- What to do: In the entries below, find the line with "Le carreau de" and the line with "Sudah dapat gading". Return those two lines and all lines between them, exactly.

- The input:
/---

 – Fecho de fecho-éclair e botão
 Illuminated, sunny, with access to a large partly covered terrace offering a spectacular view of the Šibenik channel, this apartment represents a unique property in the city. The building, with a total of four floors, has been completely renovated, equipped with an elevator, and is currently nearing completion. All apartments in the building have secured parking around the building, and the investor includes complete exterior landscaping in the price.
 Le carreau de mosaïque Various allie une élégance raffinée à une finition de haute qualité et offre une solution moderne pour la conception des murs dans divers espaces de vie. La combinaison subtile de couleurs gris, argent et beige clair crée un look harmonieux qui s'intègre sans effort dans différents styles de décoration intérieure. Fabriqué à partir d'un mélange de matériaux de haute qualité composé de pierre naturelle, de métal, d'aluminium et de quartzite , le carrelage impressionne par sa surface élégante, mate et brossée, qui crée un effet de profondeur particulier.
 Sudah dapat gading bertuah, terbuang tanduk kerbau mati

\---
/---

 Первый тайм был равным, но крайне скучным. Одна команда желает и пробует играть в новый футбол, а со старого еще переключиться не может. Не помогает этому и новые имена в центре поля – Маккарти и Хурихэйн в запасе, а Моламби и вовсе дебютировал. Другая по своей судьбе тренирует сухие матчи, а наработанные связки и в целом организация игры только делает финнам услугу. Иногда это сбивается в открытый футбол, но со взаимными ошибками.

\---
/---

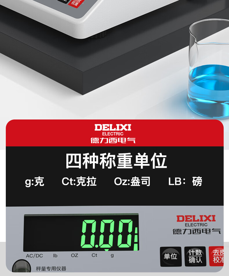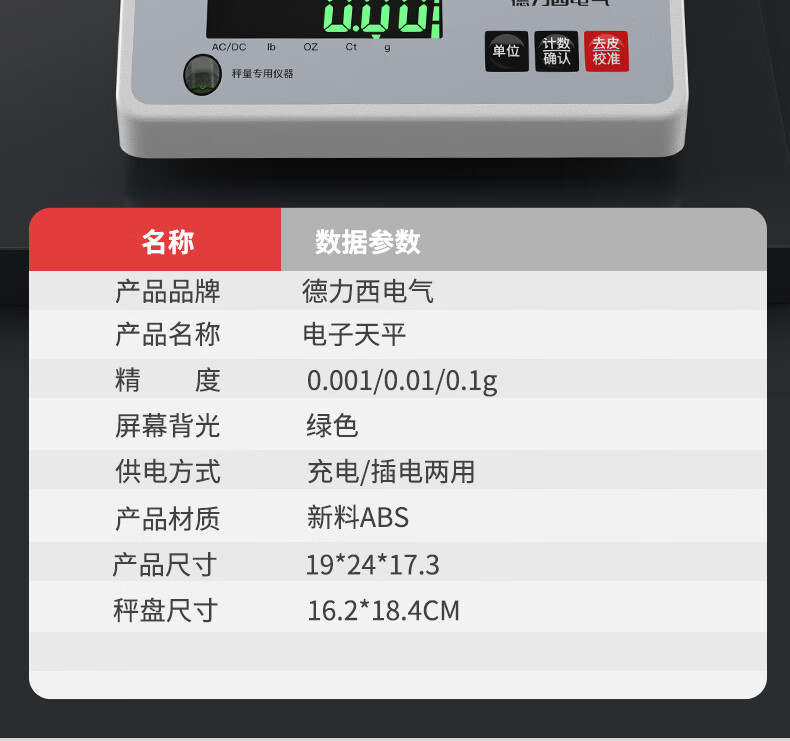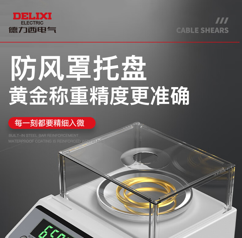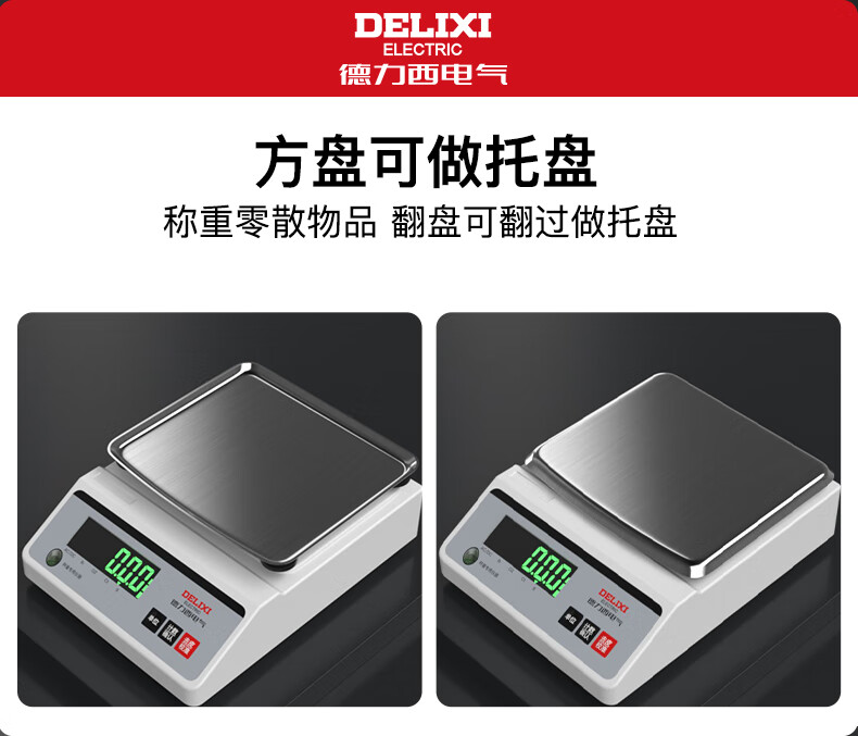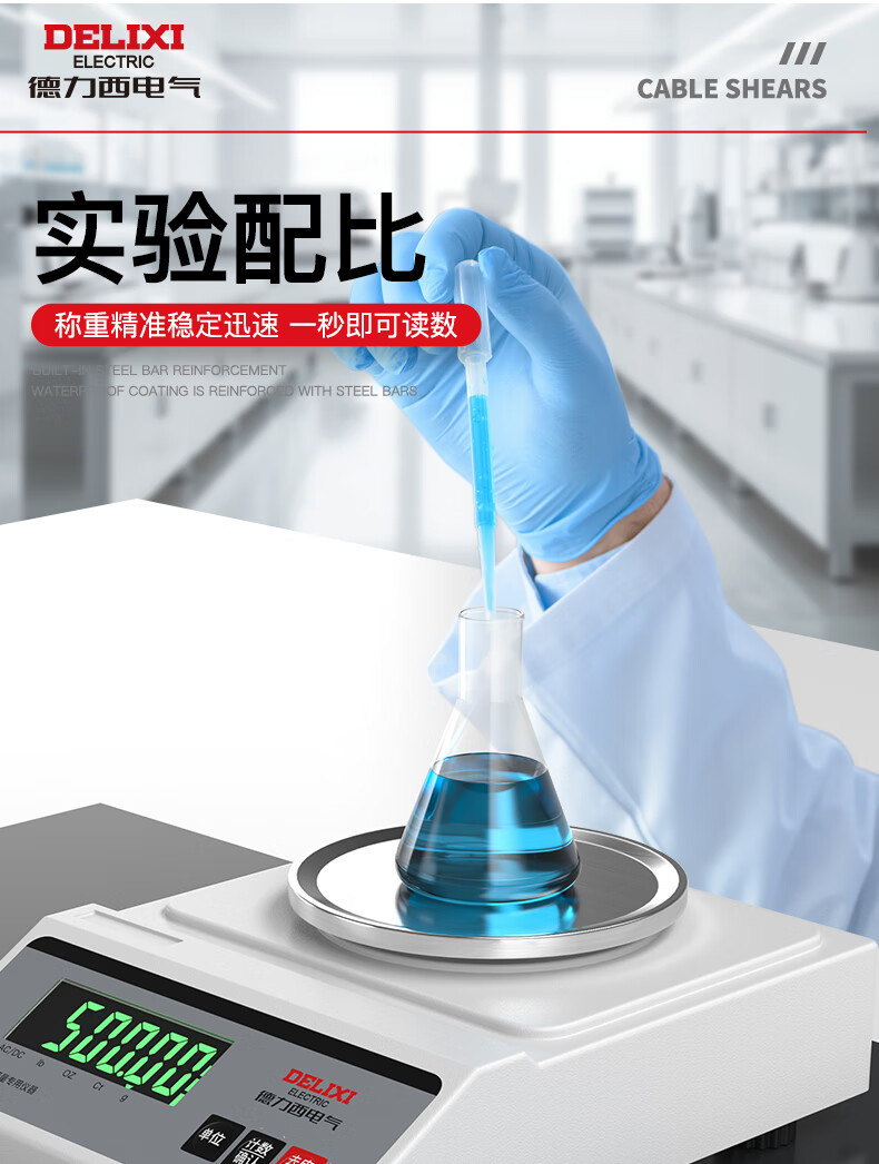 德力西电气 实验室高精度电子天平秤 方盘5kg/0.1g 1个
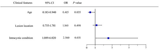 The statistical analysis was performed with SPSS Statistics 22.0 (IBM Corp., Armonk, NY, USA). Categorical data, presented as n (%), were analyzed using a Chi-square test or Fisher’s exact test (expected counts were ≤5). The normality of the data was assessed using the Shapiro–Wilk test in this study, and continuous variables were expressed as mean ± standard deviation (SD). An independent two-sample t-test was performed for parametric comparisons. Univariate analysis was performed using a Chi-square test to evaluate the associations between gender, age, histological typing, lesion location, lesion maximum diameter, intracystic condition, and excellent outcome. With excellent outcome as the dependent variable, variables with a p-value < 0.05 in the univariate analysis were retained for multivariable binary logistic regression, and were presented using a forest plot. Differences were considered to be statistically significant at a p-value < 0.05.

\---

- Exercise answer:
 Le carreau de mosaïque Various allie une élégance raffinée à une finition de haute qualité et offre une solution moderne pour la conception des murs dans divers espaces de vie. La combinaison subtile de couleurs gris, argent et beige clair crée un look harmonieux qui s'intègre sans effort dans différents styles de décoration intérieure. Fabriqué à partir d'un mélange de matériaux de haute qualité composé de pierre naturelle, de métal, d'aluminium et de quartzite , le carrelage impressionne par sa surface élégante, mate et brossée, qui crée un effet de profondeur particulier.
 Sudah dapat gading bertuah, terbuang tanduk kerbau mati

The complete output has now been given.